Nadal of Spain is trying to become only the second man in history, after Bjorn Borg, to win five or more French Open championships. The Swede is the only man to have won six titles on the Parisian clay courts. Borg’s countryman Robin Soderling last year handed Nadal his first ever loss at Roland Garros, beating him in the fourth round.
Earlier, Serena Williams had eased past Pavlyuchenkova in the first set, before losing five games in a row in the second. She recovered after taking medicine and having her pulse and temperature taken on court by a doctor.
“He said that there’s a bug that’s going out, how players start feeling tired and the next day they get sick,” Williams said in a news conference. “I’ve been loading up on vitamins. I should be OK. I hope.”
Williams has won the French only once, when she beat her sister Venus in 2002, making it her least-successful Grand Slam event. She won her 12th major, tying the record of her mentor Billie Jean King, by winning the Australian Open at the beginning of the season. After Australia, Williams didn’t play a match until the first week of Rome because of a knee injury.
Her third-round win means Williams will remain No. 1 in the world when the WTA Tour rankings will be published the day after Roland Garros ends.
She will next play Shahar Peer of Israel, who beat French No. 13 seed Marion Bartoli 7-6 (9-7), 6-2. Former top-ten player Daniela Hantuchova of Slovakia defeated U.S. Open semi-finalist Yanina Wickmayer of Belgium 7-5, 6-3. Fourth-seeded Jelena Jankovic of Serbia moved to the fourth round by beating Ukraine’s Alona Bondarenko 6-4, 7-6 (7-3).

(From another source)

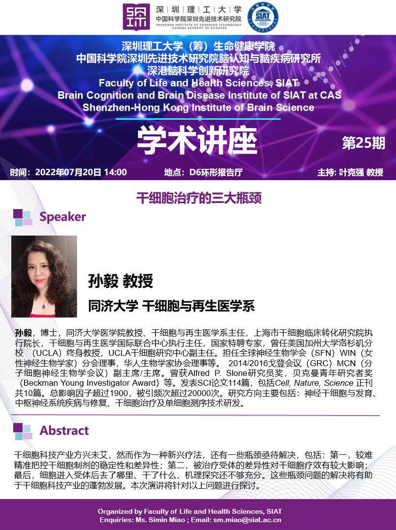 【2022年7月20日 生命健康学院/脑所】干细胞治疗的三大瓶颈

Samantha Stosur of Australia, last year’s semifinalist, beat Simona Halep of Romania 7-5, 6-1.
On Court Suzanne Lenglen, sixth-seeded Andy Roddick lost his third-round match 6-4, 6-4, 6-2 to 114th-ranked qualifier Teimuraz Gabashvili of Russia. Robby Ginepri beat 2003 French Open champion Juan Carlos Ferrero of Spain 7-5, 6-3, 3-6, 2-6, 6-4. Ginepri is the only American man through to the fourth round, where he’ll face third-seeded Novak Djokovic. The Serb earlier today defeated Romania’s No. 31 Victor Hanescu 6-3, 3-6, 6-3, 6-2.
Roddick, a losing finalist at Wimbledon last year, had also struggled in his previous two rounds, needing four sets in both matches.
Roddick last year made it to the fourth round at the French Open, his best performance in eight visits to the clay-court Grand Slam. The last American man to have won a major, at the 2003 U.S. Open, Roddick has had most of his success on the faster hard and grass courts.
“I fought through a couple of matches that were a little dicey,” Roddick said. “Today I got outplayed from the first ball. It was a tough matchup for me in these conditions. He has pretty big swings and gets good length on the ball.”
Austrian Juergen Melzer, the 22nd seed, upset the ninth seed, David Ferrer of Spain, 6-4, 6-0, 7-6 (7-1). Fernando Verdasco, considered one of the outsiders for the title in Paris after winning a clay-court event in Barcelona, needed five sets to overcome Germany’s Philipp Kohlschreiber, 2-6, 6-3, 6-3, 6-7 (1-7), 6-4.
Russia’s Nadia Petrova ousted France’s Aravane Rezai 6-7 (2- 7), 6-4, 10-8. Their match had resumed at 7-7 in the third set, after both fended off three match points before play was suspended yesterday because of darkness. Petrova’s win means there are no more Frenchwomen left in the singles draw.
The men’s doubles tournament started with an upset. Brazilian pair Marcelo Melo and Bruno Soares beat top seeds Bob and Mike Bryan 6-3 7-6 (8-6).
The Bryan brothers are one tournament win away from breaking the all-time professional career men’s record for team doubles titles. They share the mark of 61 with retired Australians Mark Woodforde and Todd Woodbridge.